IGCyr2 | GVCyr2
Inscriptions of Greek Cyrenaica | Greek Verse Inscriptions of Cyrenaica

Probably dedication

EpiDoc XML: IGCyr1352002
Trismegistos ID: 749386

Source description

Support: Fragment shoulder of a vase, Attic black-glazed ware (or perhaps Gnathian?), decorated with a frieze of notched waves and triple petals painted in white (w: 0.13).

Layout: Scratched above the frieze in one curved line.

Letters: 0.006-0.01, irregularly although rather carefully cut; the letters of the second word are taller than those of the first one; rho with very small loop, still slanting sigma, very tall phi.

Date: Perhaps fourth or third century BC (context, lettering).

Findspot: Found by chance on the surface in 1996 at Port of Cyrene, later Apollonia.

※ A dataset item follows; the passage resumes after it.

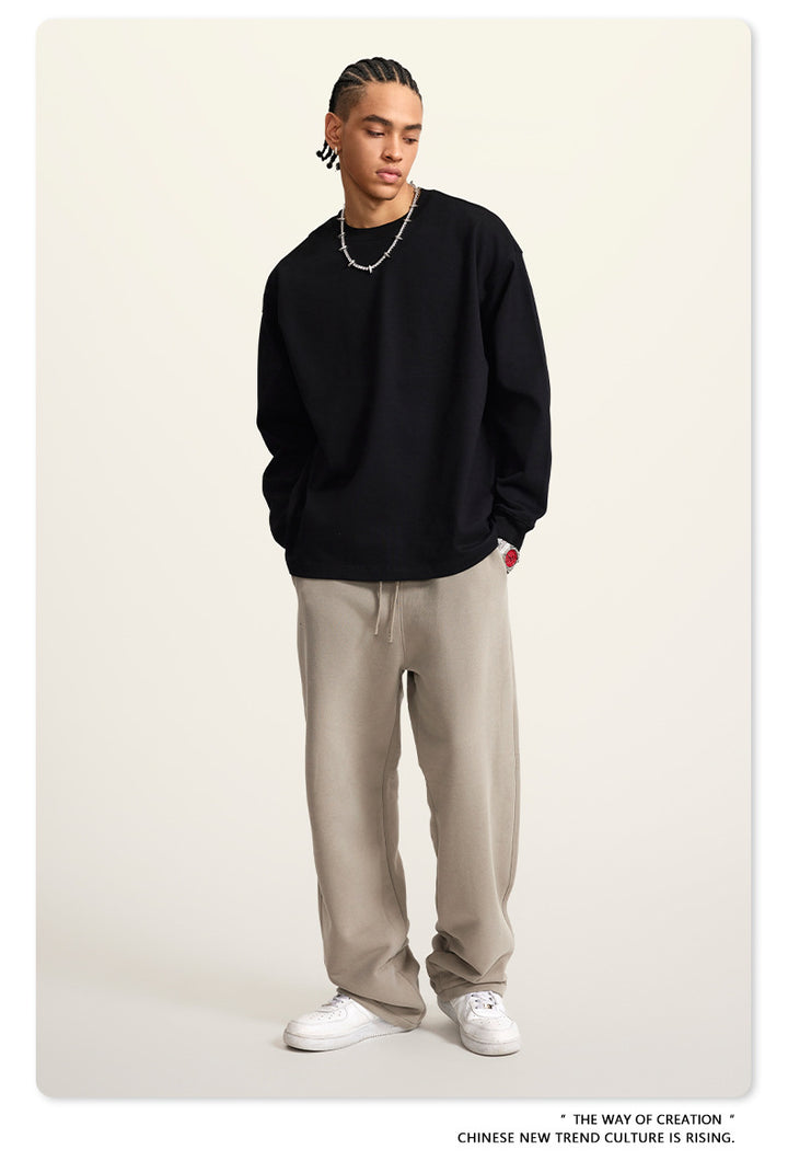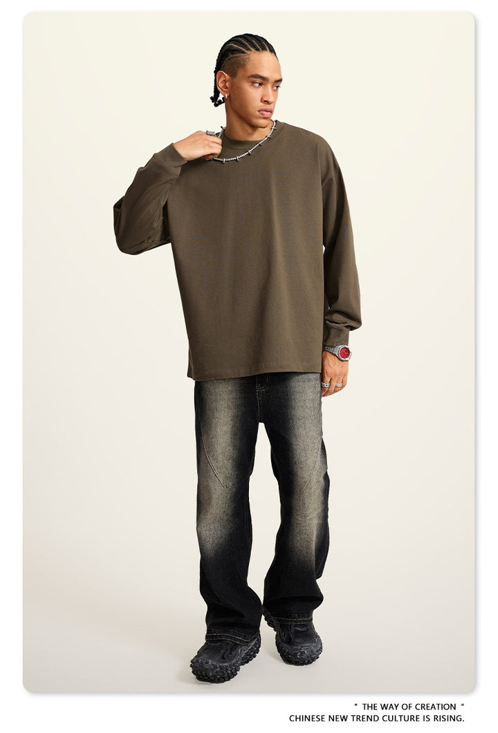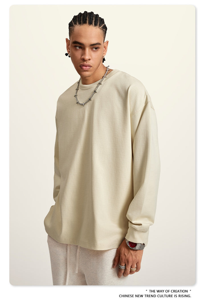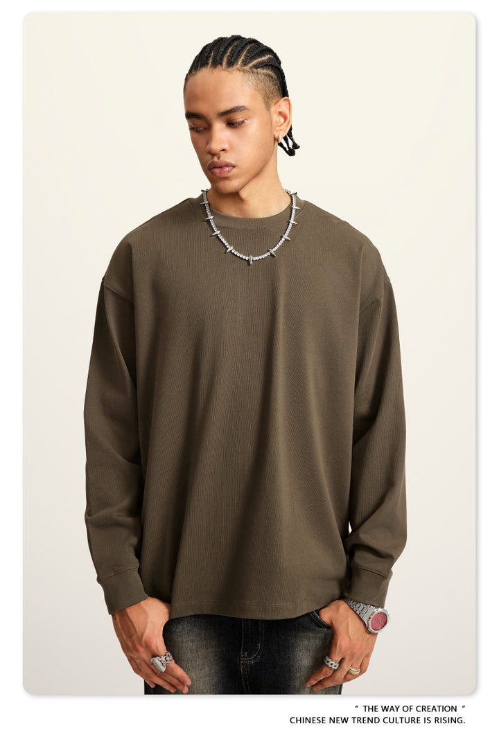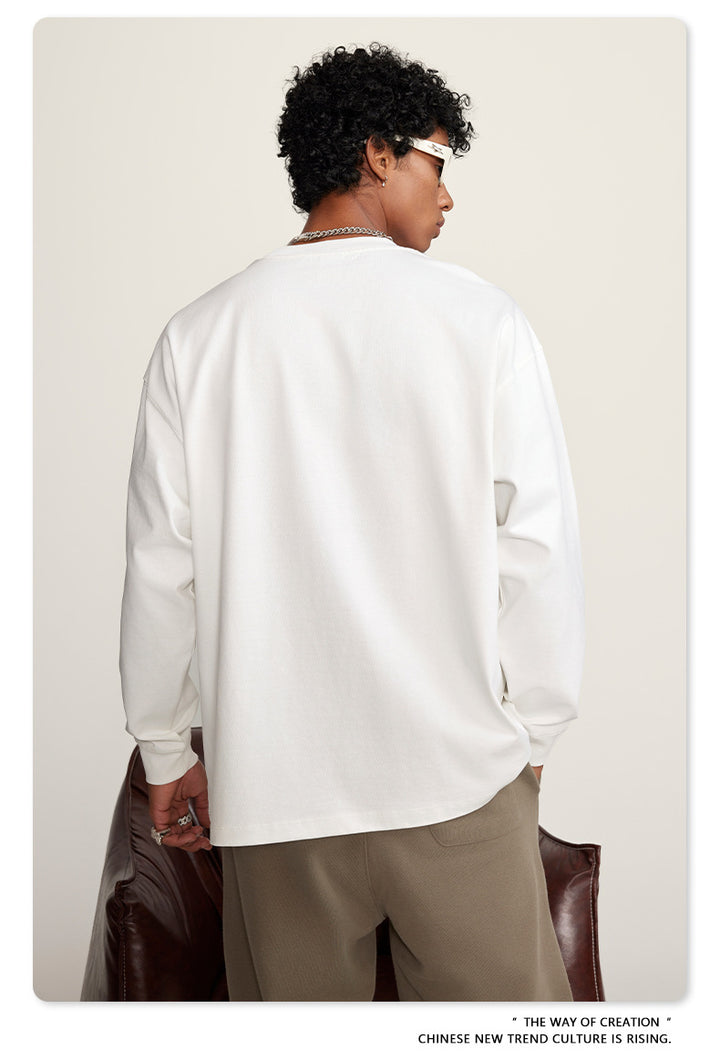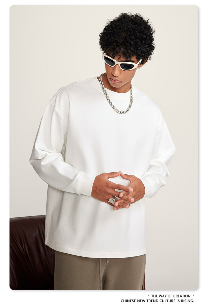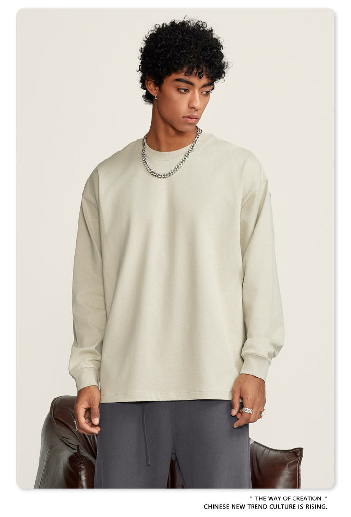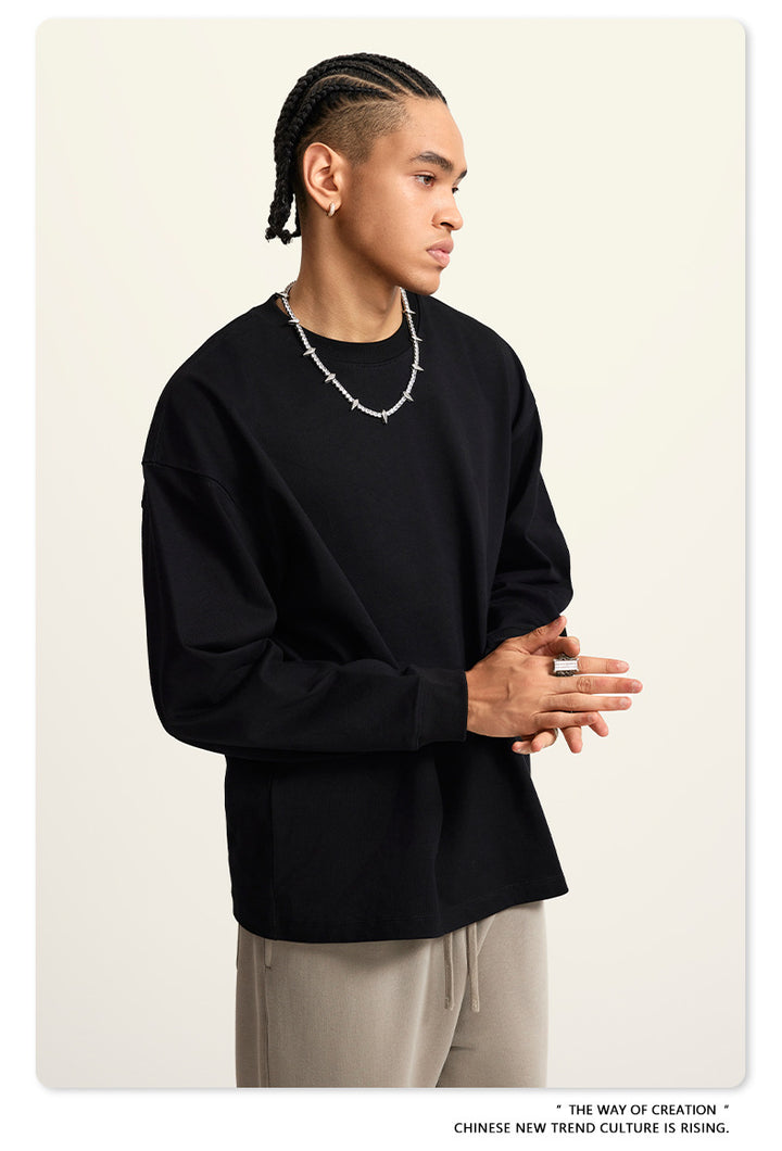 Autumn Solid-color Pure Cotton Loose Commuter Casual Men's T-shirt

Place of origin: Findspot.

Last recorded location: Apollonia Museum, Storeroom of the French Mission, 96-Ao-A2.SURF384. Seen by C. Dobias-Lalou in 1997 at Sūsah: Apollonia Museum, Storeroom of the French Mission.

Text constituted from: Transcription from object (CDL)

Bibliography

Not published before IGCyr 135200 .

Additional bibliography Dobias-Lalou 2020, p. 67, and fig. 5.

Text

Interpretive

Ἡρακλείδης Ἀφρ̣[οδίτῃ?]

Diplomatic

ΗΡΑΚΛΕΙΔΗΣΑΦ.[......]

French translation

Hèrakleidès à Aphrodite (?).

English translation

Heracleides for Aphrodite (?).

Italian translation

Herakleides per Afrodite (?).

Commentary

The name Heracleides has not the dialectal form; this is rather rare for private inscriptions before the third century BC. In the port of Cyrene, it might testify of a non-Cyrenaean traveller.

What remains of the last preserved letter might belong to an epsilon. If so, it might belong to a personal name beginning with Ἀφεν(ο)-. However, father's names are not usual in such graffiti (in spite of IGCyr0031002). As what remains of the transverse stroke is curved and does not wholly touch the hasta, rho seems a better reading and would allow to read Aphrodite's name. This goddess is mentioned in several inscriptions of the city of Cyrene, in an area at the South-East of the Sanctuary of Apollo, which might be the 'Aphrodite's garden', mentioned by Pindar, Pyth. 3.25-24. We had up to now no inscribed mention of the goddess in the port of the city, except a possible link with Kallikrateia (IGCyr0333002, see Chamoux 1998). The extramural Doric temple West of the port has been hypothetically attributed to Aphrodite because the action of Plautus' Rudens, inspired from a Greek comedy by Diphilos, takes place near a temple of Venus on the coast near Cyrene (see White in Goodchild – Griffiths Pedley – White – Humphrey 1976, p. 83). However, the place is described as isolated and the case remains obscure. This graffito should not be taken as a further clue in favour of that hypothesis, see Dobias-Lalou 2020.